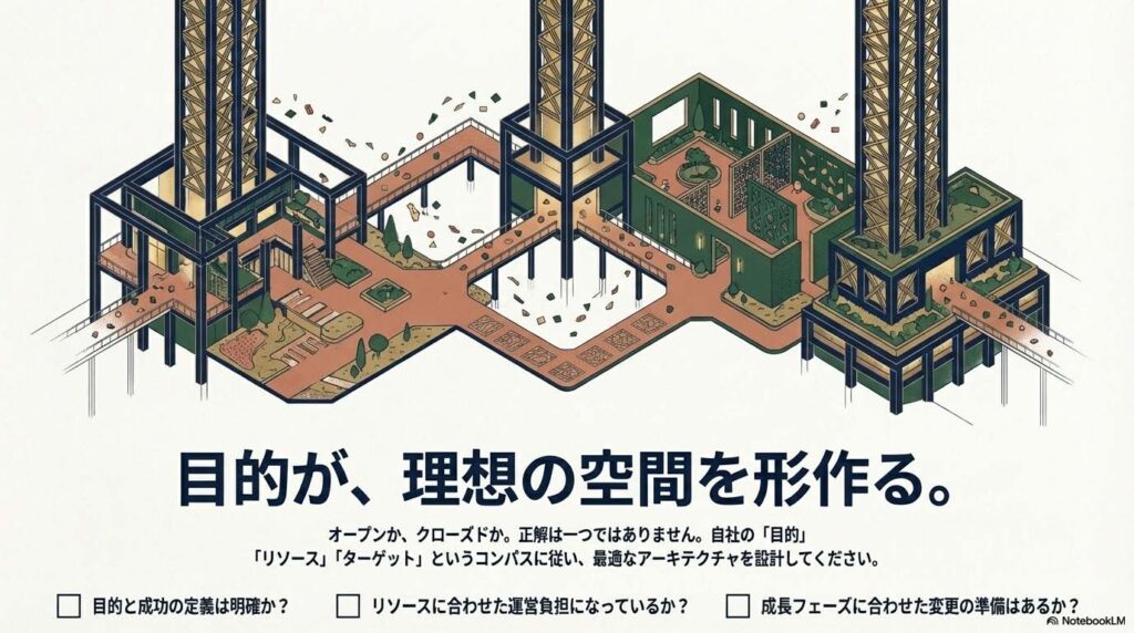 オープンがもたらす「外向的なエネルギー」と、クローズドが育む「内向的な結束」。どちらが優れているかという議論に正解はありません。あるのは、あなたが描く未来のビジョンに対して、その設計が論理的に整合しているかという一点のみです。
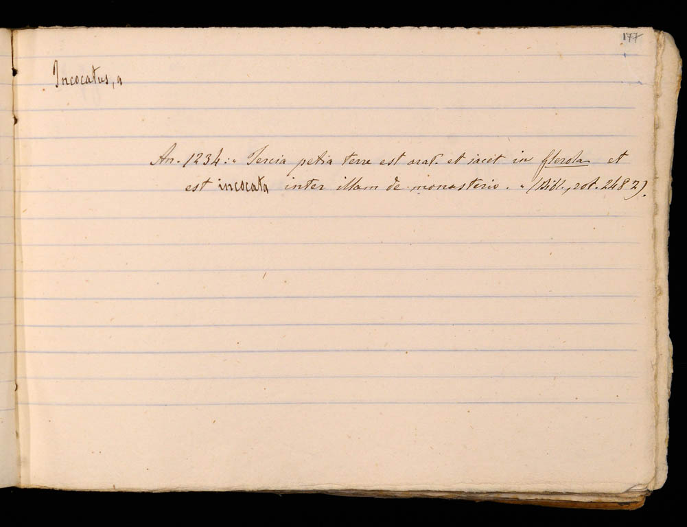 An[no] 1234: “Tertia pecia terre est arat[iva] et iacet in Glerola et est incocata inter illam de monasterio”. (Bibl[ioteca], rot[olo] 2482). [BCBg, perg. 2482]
........
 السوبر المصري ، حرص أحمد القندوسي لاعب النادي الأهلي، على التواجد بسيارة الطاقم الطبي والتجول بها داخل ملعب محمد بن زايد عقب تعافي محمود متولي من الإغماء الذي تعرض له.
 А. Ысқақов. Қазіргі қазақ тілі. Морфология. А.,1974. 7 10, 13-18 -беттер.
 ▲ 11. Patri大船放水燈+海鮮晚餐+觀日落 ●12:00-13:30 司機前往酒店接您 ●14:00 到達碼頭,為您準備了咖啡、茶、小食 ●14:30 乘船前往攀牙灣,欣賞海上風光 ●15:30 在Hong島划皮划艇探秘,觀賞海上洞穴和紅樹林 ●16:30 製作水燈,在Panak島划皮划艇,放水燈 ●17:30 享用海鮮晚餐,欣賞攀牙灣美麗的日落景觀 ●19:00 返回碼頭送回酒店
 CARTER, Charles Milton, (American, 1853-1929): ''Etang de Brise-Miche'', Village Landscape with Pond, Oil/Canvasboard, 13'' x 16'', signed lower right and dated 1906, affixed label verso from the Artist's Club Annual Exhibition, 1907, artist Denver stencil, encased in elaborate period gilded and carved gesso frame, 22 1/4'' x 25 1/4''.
........
PROBLEM REQUIREMENTS
In the entries above, find the line with "А. Ысқақов. Қазіргі" and the line with "CARTER, Charles Milton, (American, 1853-1929): ''Etang", then set down exactly those two and every line between them, nothing else.

SOLVED EXERCISE
 А. Ысқақов. Қазіргі қазақ тілі. Морфология. А.,1974. 7 10, 13-18 -беттер.
 ▲ 11. Patri大船放水燈+海鮮晚餐+觀日落 ●12:00-13:30 司機前往酒店接您 ●14:00 到達碼頭,為您準備了咖啡、茶、小食 ●14:30 乘船前往攀牙灣,欣賞海上風光 ●15:30 在Hong島划皮划艇探秘,觀賞海上洞穴和紅樹林 ●16:30 製作水燈,在Panak島划皮划艇,放水燈 ●17:30 享用海鮮晚餐,欣賞攀牙灣美麗的日落景觀 ●19:00 返回碼頭送回酒店
 CARTER, Charles Milton, (American, 1853-1929): ''Etang de Brise-Miche'', Village Landscape with Pond, Oil/Canvasboard, 13'' x 16'', signed lower right and dated 1906, affixed label verso from the Artist's Club Annual Exhibition, 1907, artist Denver stencil, encased in elaborate period gilded and carved gesso frame, 22 1/4'' x 25 1/4''.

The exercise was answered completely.